▸ **WORK INSTRUCTIONS**: All of the data should be copied exactly, with the pictures left out.

Segment Start: PROVIDED DATA

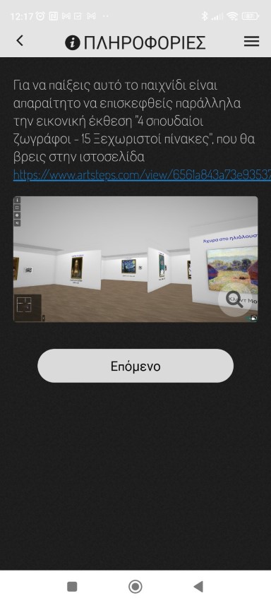 Για το project δημιουργήθηκε ένας χώρος εικονικής έκθεσης (μουσείο) με 4 αίθουσες με 15 πίνακες από τους πιο διάσημους ζωγράφους παγκοσμίως (https://www.artsteps.com/view/6561a843a73e9353741c7288). Στο μουσείο εκτός από τους πίνακες, υπάρχουν πληροφορίες για αυτούς και τη ζωή των ζωγράφων καθώς και κάποια ενεργά σημεία που μπορούν να χρησιμοποιηθούν από μια εφαρμογή που αναπτύχθηκε (https://actionbound.com/bound/aketh-pirates-2024). Η εφαρμογή μπορεί να λειτουργήσει σε έξυπνες συσκευές δίνοντας την ευκαιρία στους επισκέπτες του μουσείου να ανακαλύψουν κάθε έκθεμα σε αυτό με παιγνιώδη τρόπο.
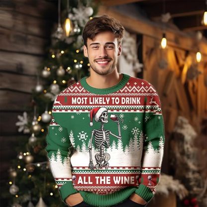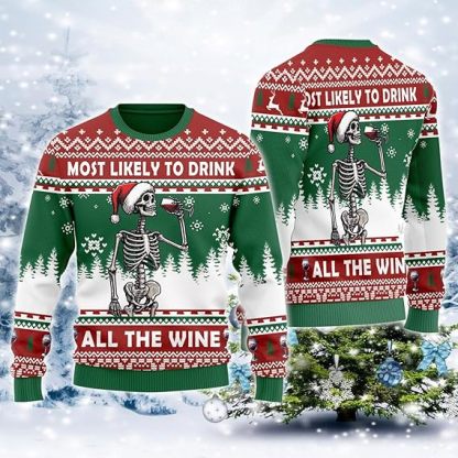 Most Likely To Drink All The Wine Ugly Christmas Sweater
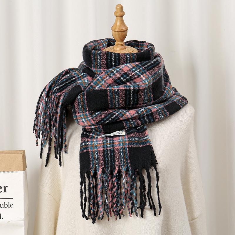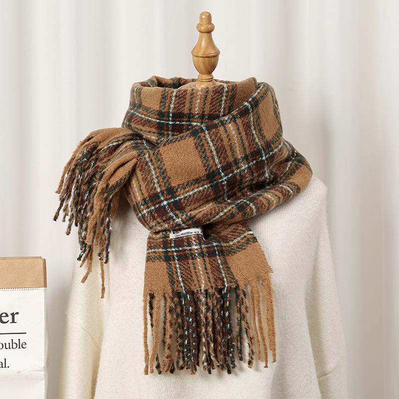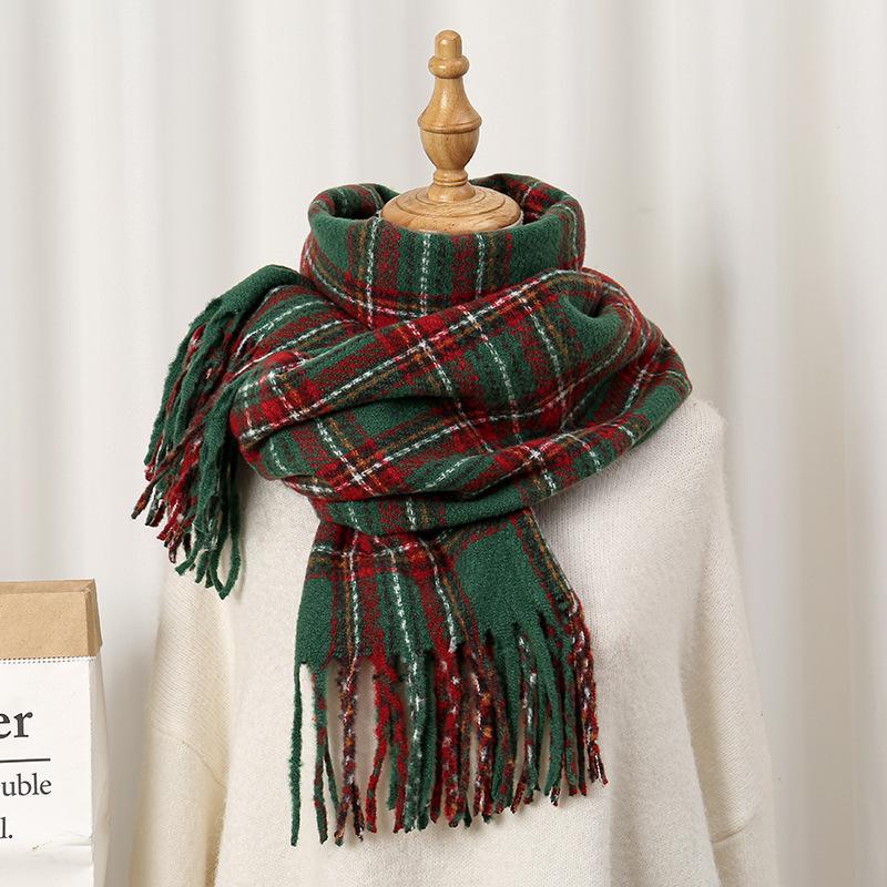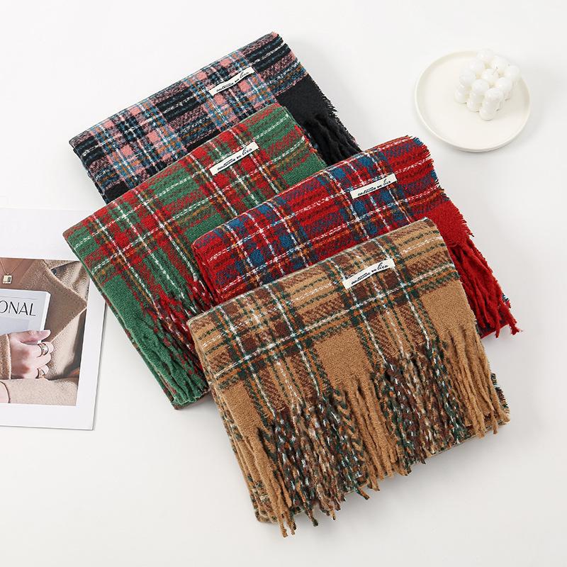 秋冬用 レトロ インフルエンサー スタイル 保温 ニット スヌード クリスマス 雰囲気 レッド チェック スカーフ レディース ID2878
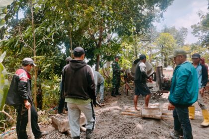 Matalensa–Madiun – Dalam upaya mendukung peningkatan infrastruktur desa, Babinsa Koramil 0803-14/Dagangan, Sertu Aan Muharyanto, bersama warga melaksanakan kegiatan karya bakti rabat jalan di Du...

Segment End: PROVIDED DATA

▸ **TASK RESULT**:
 Για το project δημιουργήθηκε ένας χώρος εικονικής έκθεσης (μουσείο) με 4 αίθουσες με 15 πίνακες από τους πιο διάσημους ζωγράφους παγκοσμίως (https://www.artsteps.com/view/6561a843a73e9353741c7288). Στο μουσείο εκτός από τους πίνακες, υπάρχουν πληροφορίες για αυτούς και τη ζωή των ζωγράφων καθώς και κάποια ενεργά σημεία που μπορούν να χρησιμοποιηθούν από μια εφαρμογή που αναπτύχθηκε (https://actionbound.com/bound/aketh-pirates-2024). Η εφαρμογή μπορεί να λειτουργήσει σε έξυπνες συσκευές δίνοντας την ευκαιρία στους επισκέπτες του μουσείου να ανακαλύψουν κάθε έκθεμα σε αυτό με παιγνιώδη τρόπο.
 Most Likely To Drink All The Wine Ugly Christmas Sweater
 秋冬用 レトロ インフルエンサー スタイル 保温 ニット スヌード クリスマス 雰囲気 レッド チェック スカーフ レディース ID2878
 Matalensa–Madiun – Dalam upaya mendukung peningkatan infrastruktur desa, Babinsa Koramil 0803-14/Dagangan, Sertu Aan Muharyanto, bersama warga melaksanakan kegiatan karya bakti rabat jalan di Du...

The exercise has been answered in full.